# Going viral… again

Once again, the world is facing the emergence of a nasty disease. I was last prompted to investigate the dynamics of infection in 2014 during the Ebola outbreak. Here I thought I’d examine a slightly different model to see what, if anything, can be learned.

In all the following, note that I am not an expert, and nothing written here should be considered the advice of a professional.

When I last looked at infection dynamics, I was interested in the SIR model, where a population of people is divided into Susceptible, Infected, and Recovered groups. In that model, infection occurs as the evolution of a set of differential equations, where people move through the S, I, and R populations.

While the SIR model was interesting to examine from a mathematical standpoint, the models currently in use to model the coronavirus outbreak are much more sophisticated. Those employed by the Imperial College group, informing much of the policy in the UK, are very granular in detail. For example, report 9 outlines the model:

Individuals reside in areas defined by high-resolution population density data. Contacts with other individuals in the population are made within the household, at school, in the workplace and in the wider community. Census data were used to define the age and household distribution size. Data on average class sizes and staff-student ratios were used to generate a synthetic population of schools distributed proportional to local population density. Data on the distribution of workplace size was used to generate workplaces with commuting distance data used to locate workplaces appropriately across the population. Individuals are assigned to each of these locations at the start of the simulation.

Report 9 – Impact of non-pharmaceutical interventions (NPIs) to reduce COVID-19 mortality and healthcare demand DOI: https://doi.org/10.25561/77482

These types of models are often known as agent-based models, where instead of approximating a group of people as a mathematical function, the people themselves are simulated performing (an approximation of) their daily lives.

I thought I’d whip up my own, very simple, agent-based model, and vary some of the simulation parameters to see what effect, if any, they had. I wanted the simulation to be large enough that statistical noise wasn’t an issue, and arbitrarily settled on a million agents, which for speed necessitated writing it in a compiled language – in this case, C++.

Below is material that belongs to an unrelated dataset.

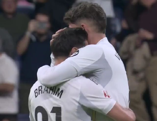 比賽開始后,皇馬就如猛虎下山一般沖擊客隊禁區(qū),企圖一口氣吃掉對手。遺憾的是,皇馬卻遲遲沒能打破場上僵局。直到下半場第51分鐘,依靠巴爾韋德在禁區(qū)外一腳神來之筆的遠(yuǎn)射,才敲開了對手大門。

The core loop is, schematically, very simple, and goes like

```std::vector<Person> people;

// Omitted - place a million people according to some population density

for (auto &person : people) {
person.move(); // Move according to some rules
}

for (auto &person : people) {
if (person.isInfected()) {
auto nearby = lookup.within(person, r); // Find nearby people
for (auto& other : nearby) {
other.maybeInfect(); // If susceptible, perhaps infect that person
}
person.maybeRecover(); // If infected, perhaps recover
}
}
```

Every person moves independently, then has a chance to infect anyone within a distance `r`. There’s nothing here as sophisticated as assigning work and home locations to each person, they just bumble around at random (which, it must be said, certainly approximates my quarantined locomotion pretty well).

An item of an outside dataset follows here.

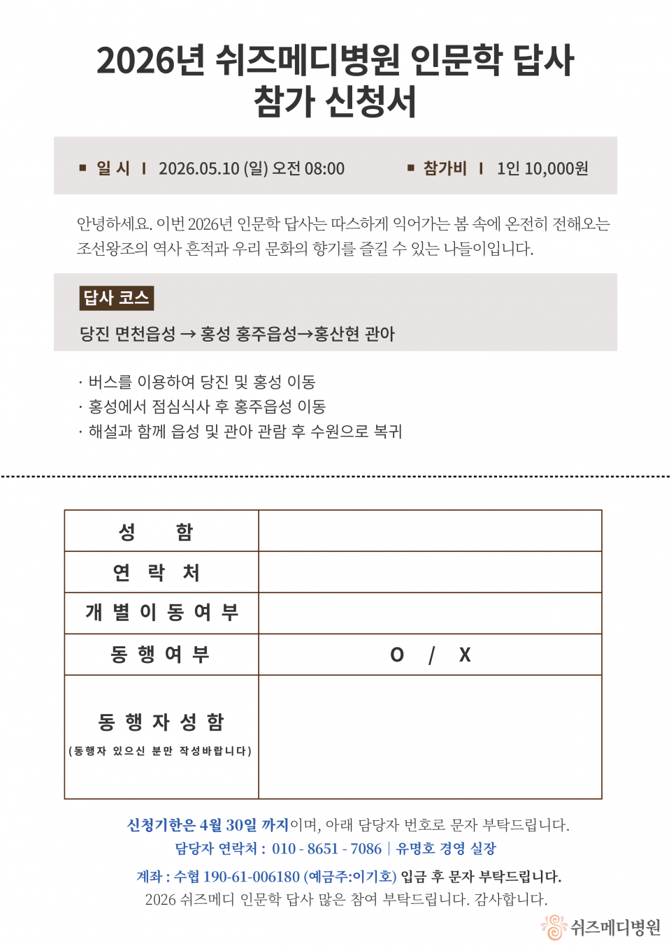 쉬즈메디2026 인문학 답사 안내(5월10일)

Let’s see what this simulation looks like for England. On the left are the spatial distributions of the three populations, on the right is a timeline of the total numbers of each:

This simulation was initiated with a 0.1% infection rate, which is actually very high – equivalent to around 60,000 people in the real England. The initial infected agents are spread randomly throughout the density distribution. After 20 time steps, each agent has a 50% change of recovering each time step.

You can observe the infection spread in waves outwards from high-density population centres, before slowing down. The total infected fraction peaks at around 10%, and the total proportion infected in this simulation is around 50%.

If we plot the total infected as a function of the infection rate, you see that initially the two are closely related, but eventually things start to tail off. In the UK we’re somewhere before this peak, but Italy and China are already observing the expected roll-off of infection rate.

As noted above, two of the important features to extract from a simulation are $I_{max}$ – the peak number of infected people, and $I_{total}$ – the overall number of infected people:

As these simulations were relatively quick to run, I ran a further 200 where I varied

• $p$ – the probability of infection
• $d$ – the distance each agent moved per time step

Plotted below are the peak and total fraction of infected agents as these parameters are varied:

Surprisingly, it was the distance moved which affected the infection rate most – you can see the dominant colour gradient is left-to-right rather than bottom-to-top.

To see this more clearly, here is the same data flipped around, so that ‘colour’ is now on the y-axis:

An interesting observation from the left-hand plots is that as $d$ increases past a point, increasing it further doesn’t change the behaviour of the simulation much (the curves start to overlap). From the right-hand plots you can see this is around $d \approx 0.004$ – where the curves in the upper-right flatten off. This is presumably because the mixing of the agents in the simulation becomes great enough that any further mixing doesn’t increase the spread of the infection.

As is often the case with any modelling I do for this blog, the main results are pretty obvious without doing any simulations: keep $p$ down (wash your hands) and $d$ down (stay inside), and we’ll all be better off for it.